Aela knew that she should say something witty in reply. Loria always had some clever riposte for such situations. But as usual, her mind was a blank slate, and her tongue a stone in her mouth. Yet she was certain that by the time she laid down to sleep that night, she would think of exactly the right thing to say. Of course by then it would no longer matter.
"From what I've seen, no one is going to be touching yours for a long time." Loria's voice came to the rescue. "That is assuming anyone can even find that little thing."
"You have a sharp tongue leaf-ear," growled a man with dirty blond hair and a long mustache. He gripped an axe in one hand, and the men around him did likewise. "But we know what to do with you high and mighty alfar in Skanlond."
"That's enough!" Hrollaug's bull roar silenced all. The red-bearded Skanjr stomped between the pair of mages and the unruly mercenaries. "You all have weapons and armor to clean and maintain. I want to see cloths and oil out now. We'll have inspection before the sun drops a hand-span, and any not fit for duty will regret it."

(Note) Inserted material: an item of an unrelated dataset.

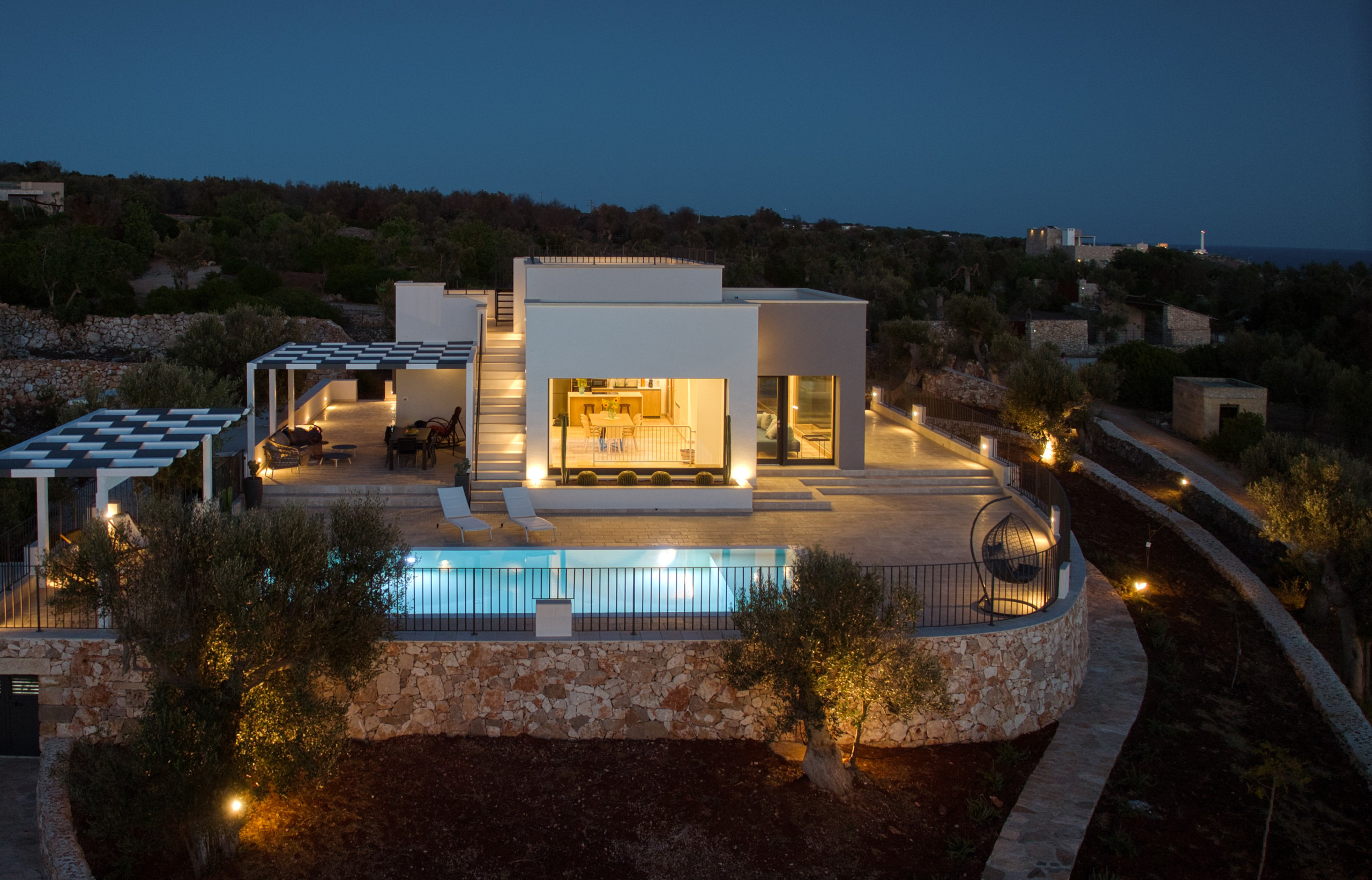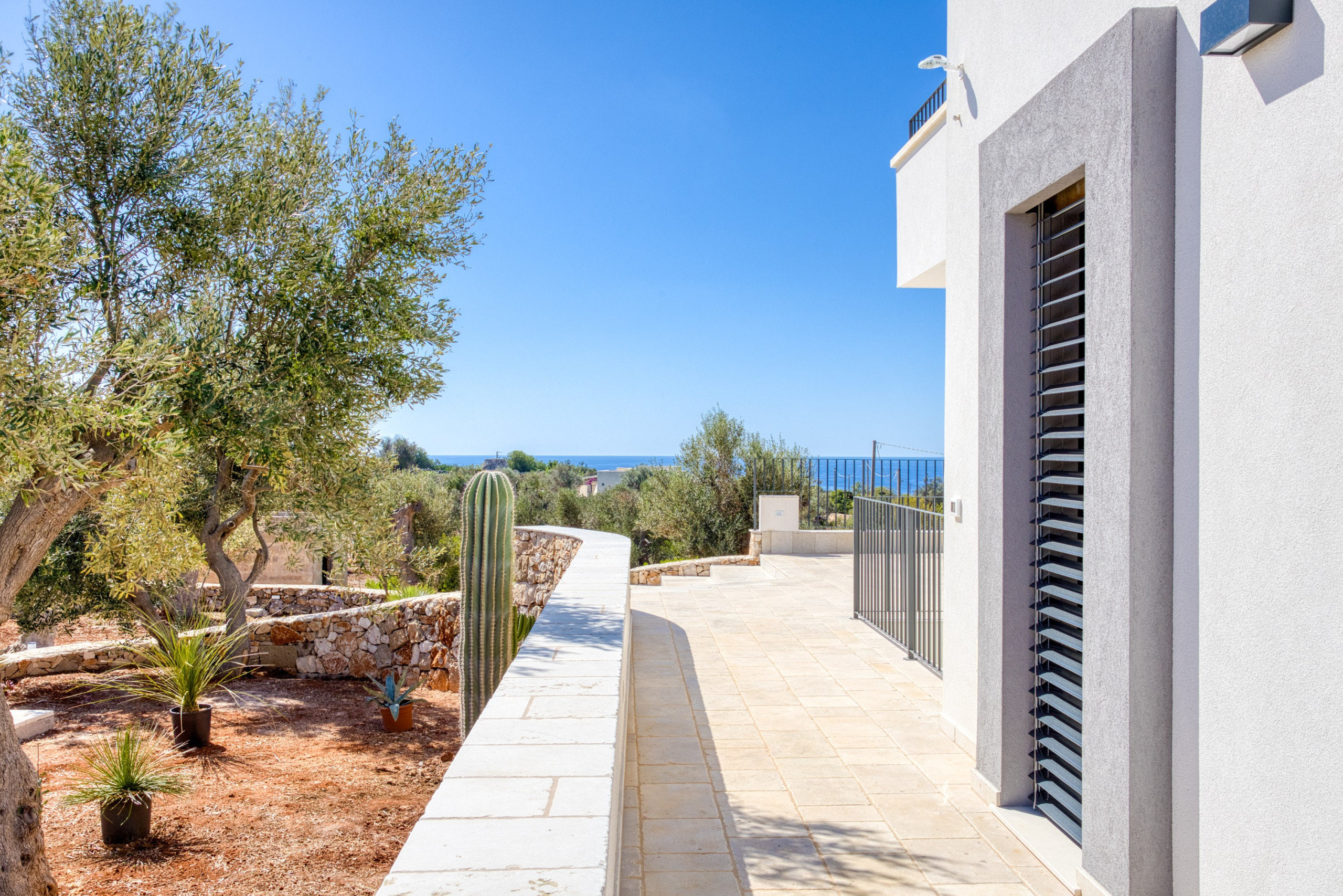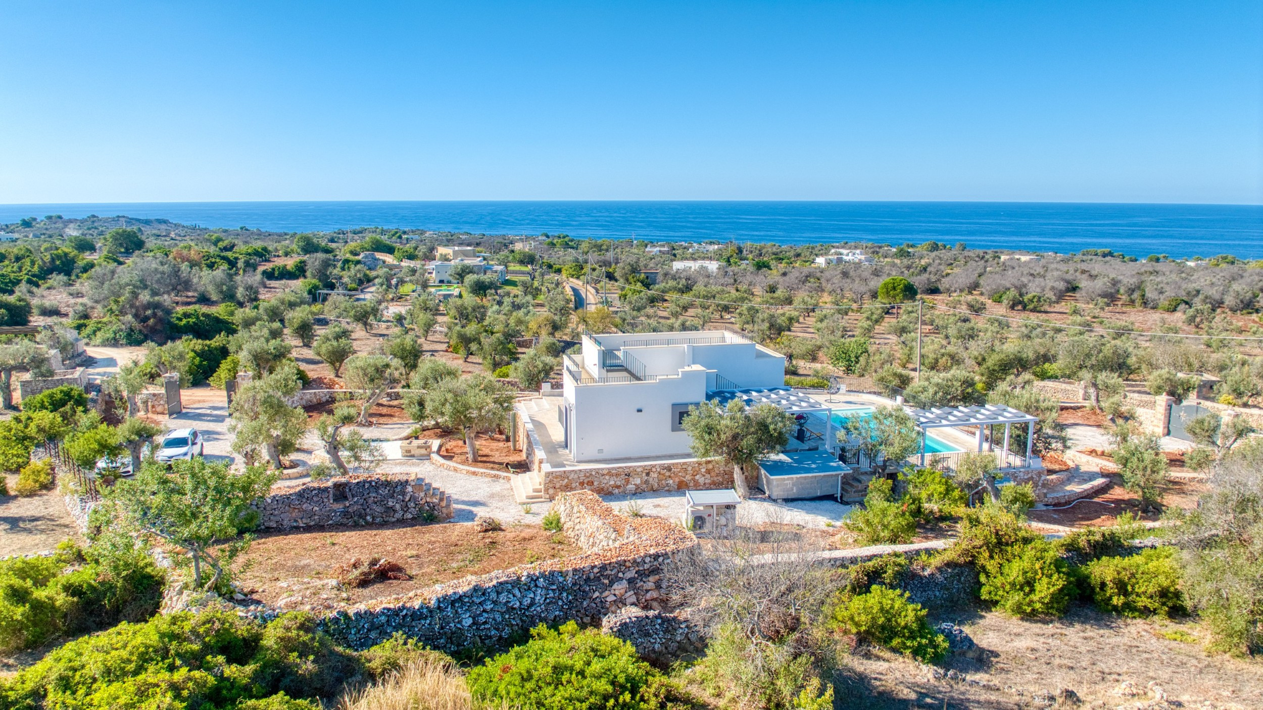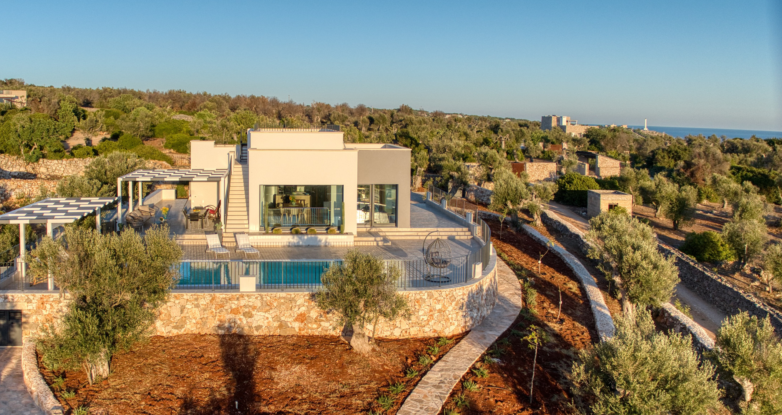Framed by the rolling hills of Capo di Leuca, covered in olive trees and Mediterranean macchia, this ultra-modern villa, one of the most luxurious in the area, is the exclusive retreat you've been searching for. Just completed in September 2025, it offers a spectacular view spanning the enchanting Ionian Sea with its infinite shades of blue and the surrounding verdant countryside. In the distance, the imposing lighthouse of Santa Maria di Leuca, symbolizing the meeting of the Ionian and Adriatic Seas, stands out on the horizon, offering a breathtaking panorama.

The mercenaries groused, and some shot dark glances at Aela and Loria. But they followed their leader's commands, and set to maintaining their steel. In the meantime Hrollaug turned to the mages, and gestured for them to walk with him.
"Let us split up the loot here and go our separate ways," he said. The mercenary captain's tone made it clear that this was not a suggestion, but a demand.
"And miss the pleasure of your company's hospitality?" Loria replied sardonically.
"Hospitality is one thing. But you two…" Hrollaug leveled a hard stare upon Aela. "An alfar is bad enough, but if I'd known you weren't a real woman, I'd have never agreed to this partnership."
"I was real enough for you when I was saving your skin back in that barrow!" Aela snarled.
The Skanjr opened his mouth to retort, but was cut off when a strong wind suddenly rose up and shoved him back by at least an inch. Loria stepped between the two, and the unseen sylph relented, for the moment at least. Aela did her best to rein in her feelings, while the Light Elf put a conciliatory hand around the mercenary captain's shoulder and led him a few steps away.
"Perhaps you have a point my friend," the Silaine mage said in an assuaging voice. "Let us indeed part ways here. You may have the heads to collect the bounty back in Veia. We'll take that lorcras cuirass from the high priest, and a few of those mail shirts and swords from his bodyguard."